**Problem details**
Every line from the one with "原来是小米提前囤了一些存储,行业人士表示" to the end of the listing below must be printed exactly, with no other text and no pictures.

**Data for the task**
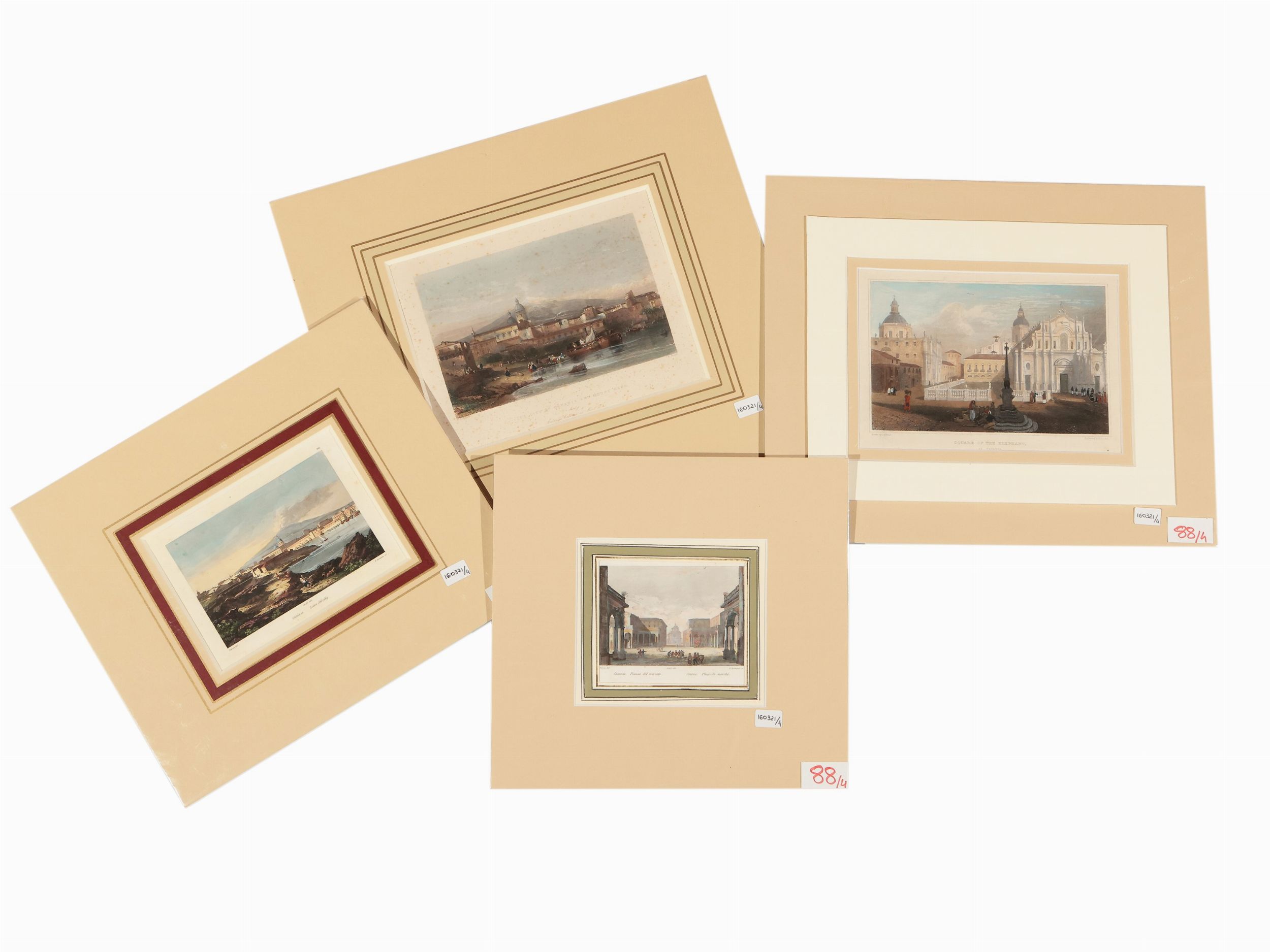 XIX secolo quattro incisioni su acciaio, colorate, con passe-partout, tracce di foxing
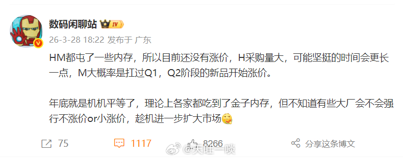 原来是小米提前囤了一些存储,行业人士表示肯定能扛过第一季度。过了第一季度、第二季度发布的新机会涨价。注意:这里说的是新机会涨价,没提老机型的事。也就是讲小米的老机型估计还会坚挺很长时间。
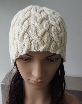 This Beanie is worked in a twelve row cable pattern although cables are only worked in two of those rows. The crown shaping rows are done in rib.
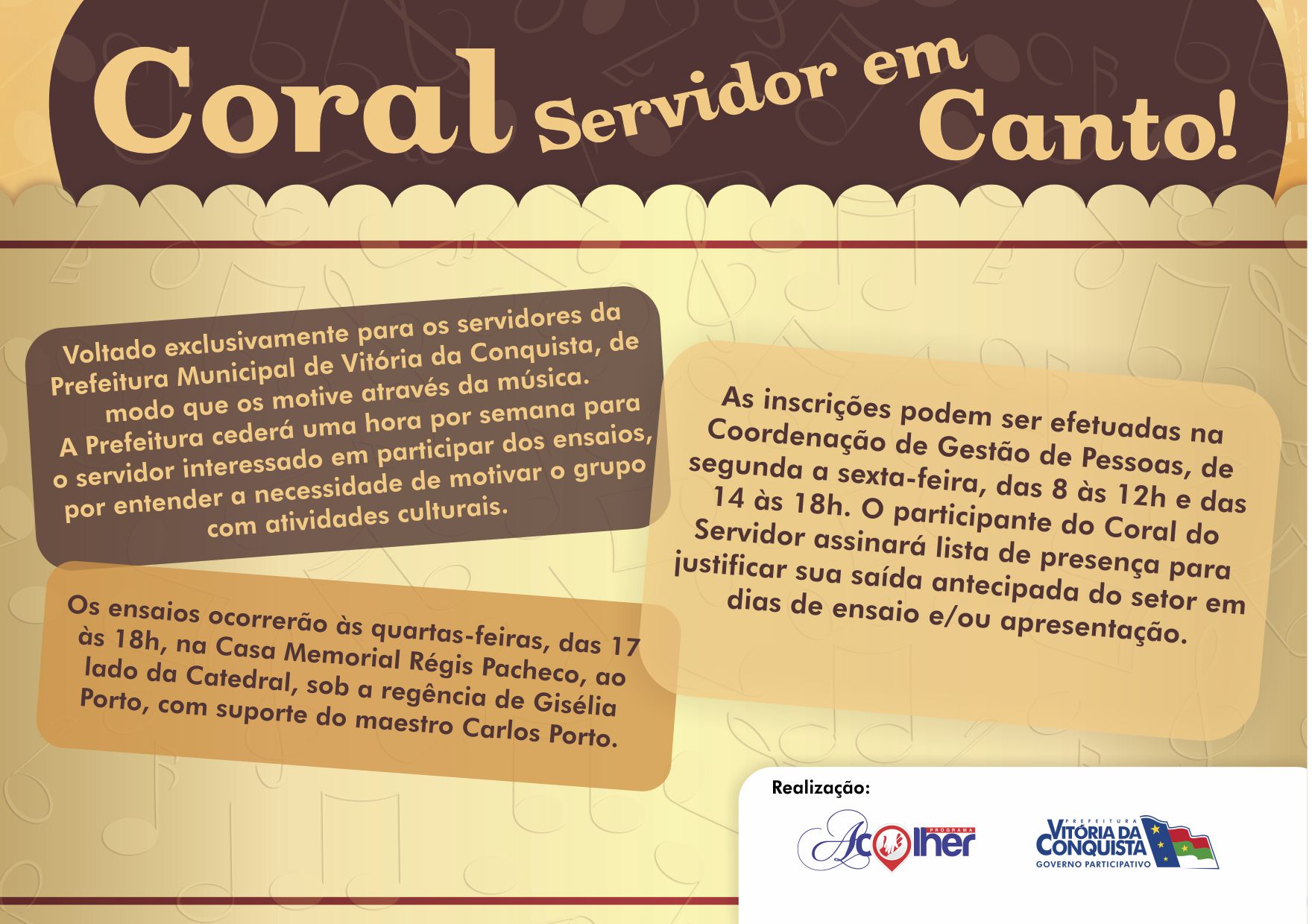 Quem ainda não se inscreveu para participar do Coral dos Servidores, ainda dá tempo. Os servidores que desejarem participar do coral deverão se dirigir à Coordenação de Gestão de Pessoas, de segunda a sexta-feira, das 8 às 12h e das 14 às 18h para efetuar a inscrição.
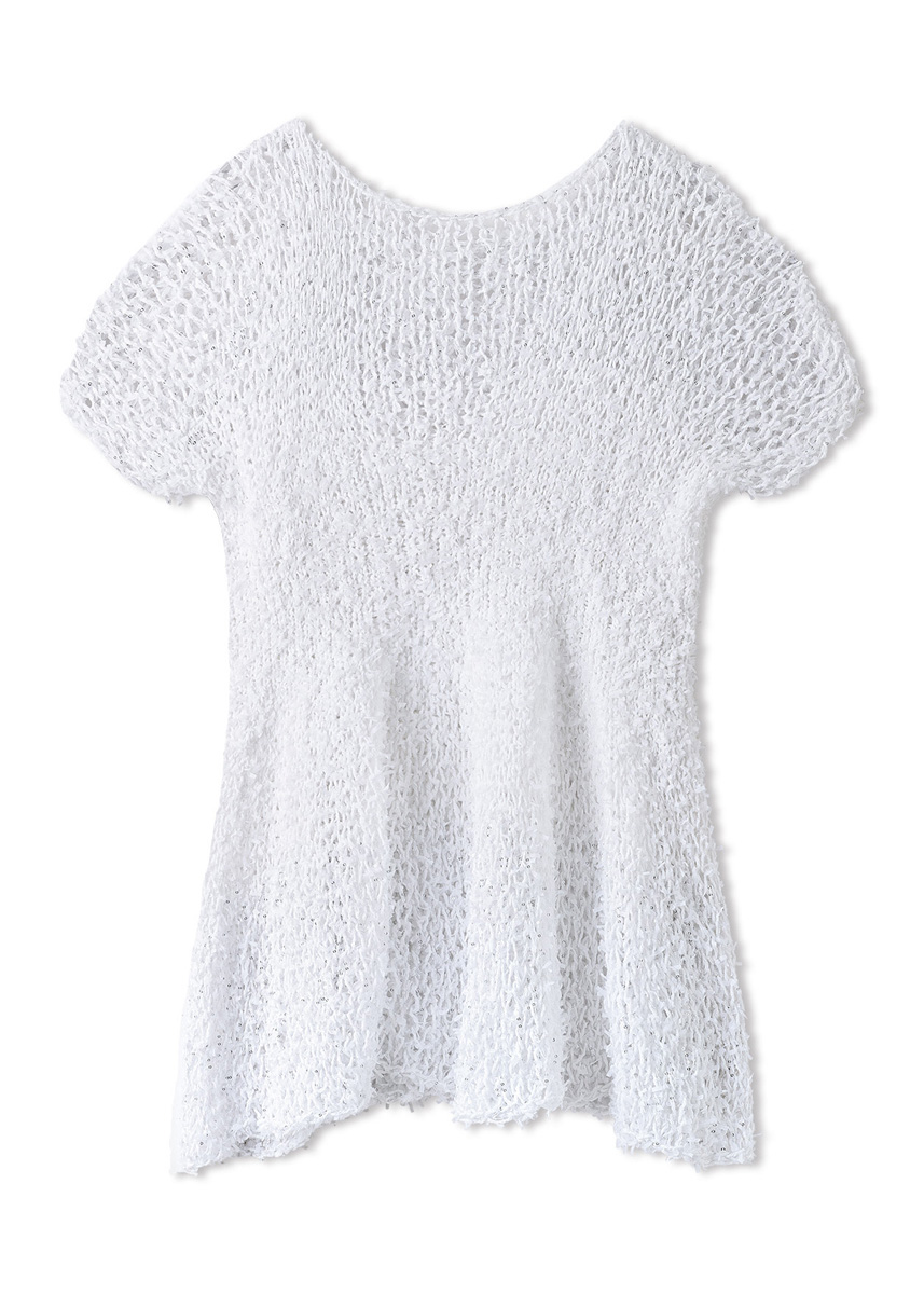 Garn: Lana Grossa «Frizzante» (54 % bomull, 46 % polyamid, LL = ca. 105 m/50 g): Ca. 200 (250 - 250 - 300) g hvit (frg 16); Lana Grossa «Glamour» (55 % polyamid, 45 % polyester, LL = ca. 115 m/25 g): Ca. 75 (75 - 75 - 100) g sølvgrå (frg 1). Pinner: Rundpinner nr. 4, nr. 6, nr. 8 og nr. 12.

**Response to this exercise**
 原来是小米提前囤了一些存储,行业人士表示肯定能扛过第一季度。过了第一季度、第二季度发布的新机会涨价。注意:这里说的是新机会涨价,没提老机型的事。也就是讲小米的老机型估计还会坚挺很长时间。
 This Beanie is worked in a twelve row cable pattern although cables are only worked in two of those rows. The crown shaping rows are done in rib.
 Quem ainda não se inscreveu para participar do Coral dos Servidores, ainda dá tempo. Os servidores que desejarem participar do coral deverão se dirigir à Coordenação de Gestão de Pessoas, de segunda a sexta-feira, das 8 às 12h e das 14 às 18h para efetuar a inscrição.
 Garn: Lana Grossa «Frizzante» (54 % bomull, 46 % polyamid, LL = ca. 105 m/50 g): Ca. 200 (250 - 250 - 300) g hvit (frg 16); Lana Grossa «Glamour» (55 % polyamid, 45 % polyester, LL = ca. 115 m/25 g): Ca. 75 (75 - 75 - 100) g sølvgrå (frg 1). Pinner: Rundpinner nr. 4, nr. 6, nr. 8 og nr. 12.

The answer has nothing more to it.